[Opening GIVEN INFORMATION section]
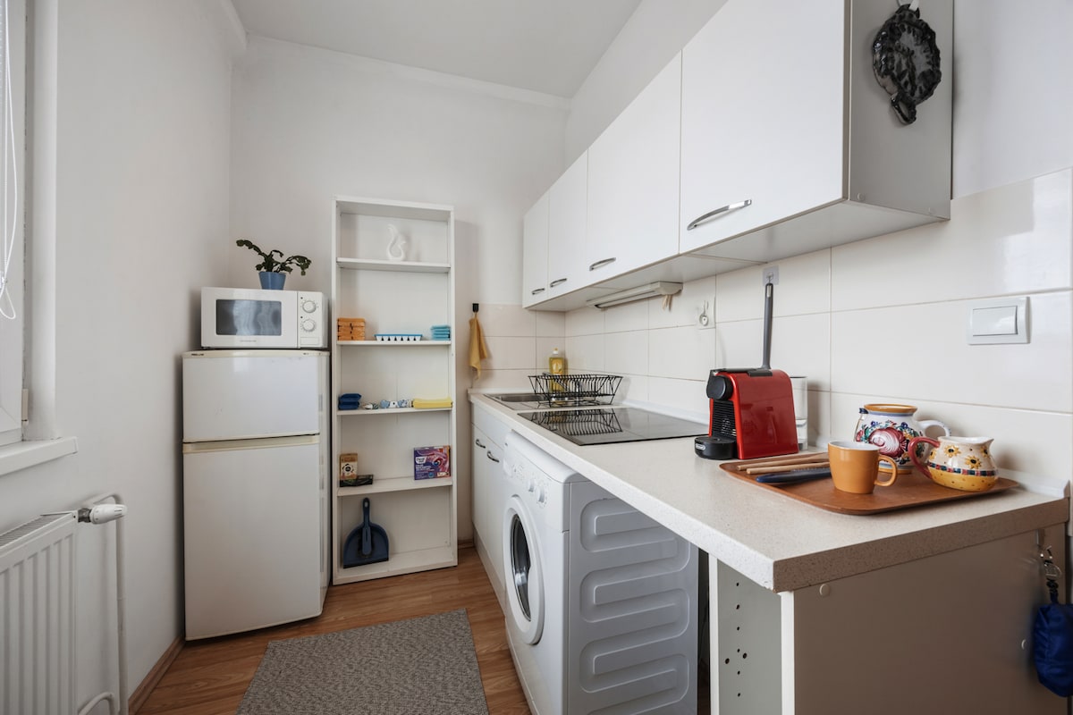 一間公寓,步行即可抵達許多餐廳、俱樂部和布拉迪斯拉發地標(如主廣場、歷史歌劇院、舊市政廳)。從附近的公共交通站前往城市各處很方便。設備齊全的廚房,備有餐具和基本廚具。折疊式雙人床。折疊沙發(展開後可舒適入住一人)。配有浴缸的浴室。提供床單和毛巾。
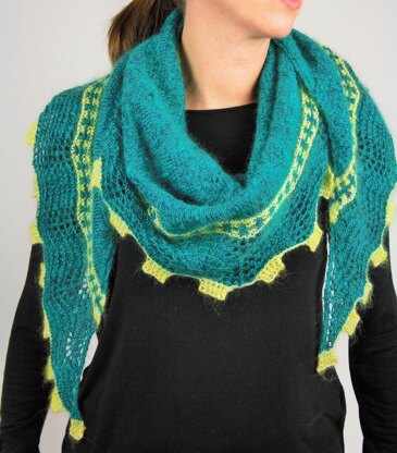 Lime Dance is a lightweight shawl featuring the sumptuous ITO yarns, combining mohair, silk, wool and paper into an exquisite accessory. You will work a stocking stitch body that is broken through by eyelet elements and topped off by a stripe introducing a striking contrast colour in a mosaic pattern. The undulating Feather and Fan pattern of the edging bends the stripe into a playful wave that some lemon coloured picots are dancing on.
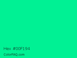Hex #00f194 Color is a normal green color and the nearest color is Medium Spring Green #00fa9a. Hex code #00f194 and RGB value is rgb(0,241,148). In RGB color space, this color is composed of 0% red, 95% green, 58% blue, In CMYK color space, this color is composed of 100% cyan, 0% magenta, 39% yellow , 5% black , In HSL color space, this color has a hue angle of 157° , 100% saturation and 47% lightness.
[Closing GIVEN INFORMATION section]
Give back exactly the lines from the first line of the data through the line with "Lime Dance is", pictures excluded.

 一間公寓,步行即可抵達許多餐廳、俱樂部和布拉迪斯拉發地標(如主廣場、歷史歌劇院、舊市政廳)。從附近的公共交通站前往城市各處很方便。設備齊全的廚房,備有餐具和基本廚具。折疊式雙人床。折疊沙發(展開後可舒適入住一人)。配有浴缸的浴室。提供床單和毛巾。
 Lime Dance is a lightweight shawl featuring the sumptuous ITO yarns, combining mohair, silk, wool and paper into an exquisite accessory. You will work a stocking stitch body that is broken through by eyelet elements and topped off by a stripe introducing a striking contrast colour in a mosaic pattern. The undulating Feather and Fan pattern of the edging bends the stripe into a playful wave that some lemon coloured picots are dancing on.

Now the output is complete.